「とりあえず進出」「慎重に検討して進出」はどちらでもよい
多くの中堅・中小企業が海外進出をするきっかけは大きく分けると2つのパターンがあるでしょう。一つは「たまたま、ある国に知り合いがいたので、何となくそこに進出する」というもの。もう一つは「数年間かけて慎重に検討を重ねた上でふさわしいと考えた国に進出する」形です。そのどちらが成功確率が高いのか。
きっかけとするのは、どちらのパターンでも構いません。その代わり、正しい進出の考え方をよく理解し、自分たちに起こりうるリスクにしっかり備える必要があります。
前者の「とりあえず進出」派の場合は、現地でのビジネスをスタートさせながら、起こりうるリスクを大至急調べ、同時進行で備えを始める必要があります。
一方、「慎重に検討して進出」派の場合は、いくら準備をしたとしても新規事業には想定外の事態が起こるという危険性を常に念頭におくこと。何かが起こっても必要以上に萎縮しない、と腹を決めておくことです。日本国内での事業であっても、新しい取り組みにリスクはつきもの。100%の予測はできません。
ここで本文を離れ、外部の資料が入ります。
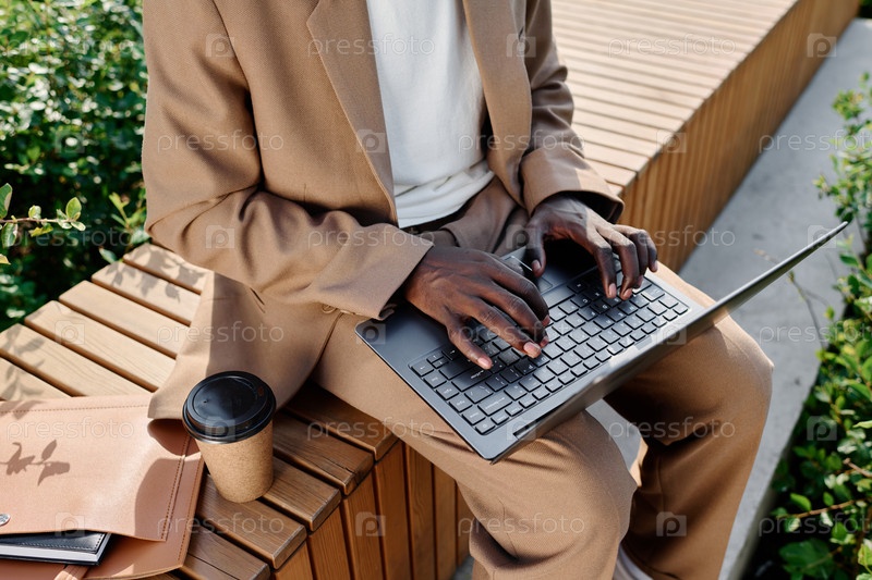 Непризнанный бизнесмен использует ноутбук на открытом воздухе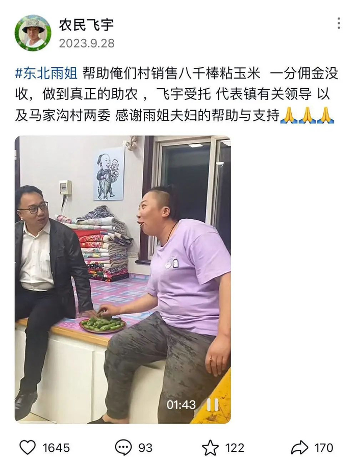 有团队不假,但雨姐也确实在助农。直播间里的产品基本上都是当地产的玉米、榛蘑、黑木耳、手工粉条。搜索雨姐的时候我发现,有一位农民还特意发抖音感谢过她,帮助村里销售了八千棒粘玉米,没有收一分钱佣金。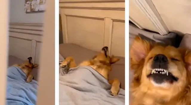 En las imágenes virales de Facebook se observa cómo el dueño abre despacio la puerta de su cuarto y ve a su travieso perro durmiendo muy cómodo en su cama. No obstante, lo curioso del hecho es que el tierno can permanece sin despertarse y echado boca arriba con su hocico entre abierto mostrando sus colmillos.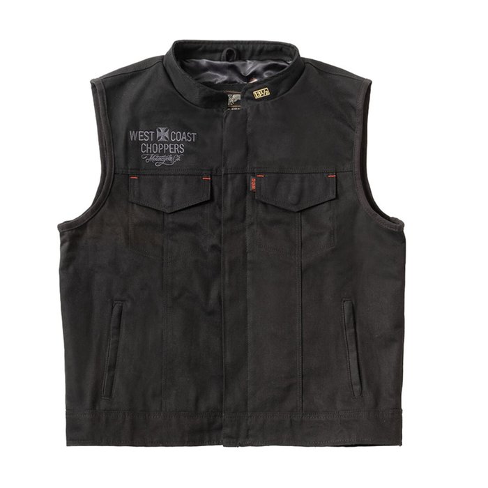 El chaleco de de lona negra West Coast Choppers x 13 1/2 Dominator es fruto de la colaboración con 13 1/2 Company. La idea surgió durante una visita a Europa en 2023 y un encuentro con 13 1/2 . El resultado es un conjunto de tres chalecos de montar de cuero, lona o mezclilla. Todos con detalles originales y un forro interior de una de las mejores motos de cobre de West Coast Choppers. El chaleco lucirá aún mejor cuanto más lo uses, gracias a sus varios bolsillos interiores y exteriores con cremalleras o botones a presión. El ajuste de este chaleco se basa en llevarlo sobre una camiseta, un suéter o simplemente tal cual. Si quieres usarlo sobre una chaqueta, podrías necesitar una talla más grande de lo habitual. No busques más, este es tu nuevo chaleco de cuero favorito, que viene en una caja de cartón individual impresa.

それと同じことです。
重要なのは、自社にとって致命傷にならない範囲を見極めながら挑戦を始めること。海外進出という挑戦自体が全て新たな体験です。その体験を通じて必ず自社の成長にプラスとなる何かを学び、蓄積していくことができます。困難に遭遇しても、無駄になることは何もないのです。
今後、日本市場の縮小という厳しい現状は変わることはありません。海外に進出する以上、何があってもやり抜き、そこから必ず何かを得る。そうした覚悟を持ってください。
海外進出の経験がある人材がいなければ、本社でも現地でも経験者を雇うことができます。誰も知らない、社名も名刺も通用しない未知の国で、全く何も知見がないところで0から1のビジネスを立ち上げる体験をして、社内に経験値を蓄える。それが御社のこれからの成長につながります。最初は売り上げが数億円で収支が赤字でも、将来に数百億円の売り上げ確保を目指しているなら、最初は我慢して経験値を積み上げ続けることです。

海外進出に当たってまず考えるべきことは?
海外に進出する第一歩として、まずすべきことは何だと思いますか。現地の法制度、規制、市場特性などを調べること? 確かにそれも大切ですが、実はそういった調査よりも先にやっておくべき重要なことがあります。それは、自社の強みを明確にすることです。「そんなこと、改めて考えなくても……」と思う方もいらっしゃるかもしれませんが、自社の強みを明確にすることこそ、海外事業を成功に導くカギなのです。
私の経験では、コアコンピタンス(自社の核となる他社にまねのできない技術や特色)が何かが明確になっていない企業は結構多い、という印象を持っています。
「貴社の強みは何ですか?」。技術か、価格か、技術か、コストか、デザインか、それともビジネスモデルそのものか・・・・・・。明確に答えられない企業は意外と多いものです。
あなたの会社は、今までどんな要素で、競争に勝ち抜いてきたのでしょうか。もし、今まで「偶然」が続いて勝ち残ってきたのなら、そんな幸運は二度と起こりません。
根拠のない自信を基にした海外進出は失敗につながります。だからこそ、自社の核となる技術や特色、これまでの成功の要素をもう一度分析しなおすことから始めてください。要するに「我が社はこれで勝つ!」というものを決めておくことです。自社の強み、勝ち方のパターンを明確にすることが、海外進出に関わる社員全員を一つにまとめるビジョンをつくることになるのです。
まず、経営トップが海外進出に対して腹をくくり、自社の強みを掌握することが初めの仕事です。これまであなたの会社が日本で営々と積み上げてきたコアな価値をもう一度整理してみてください。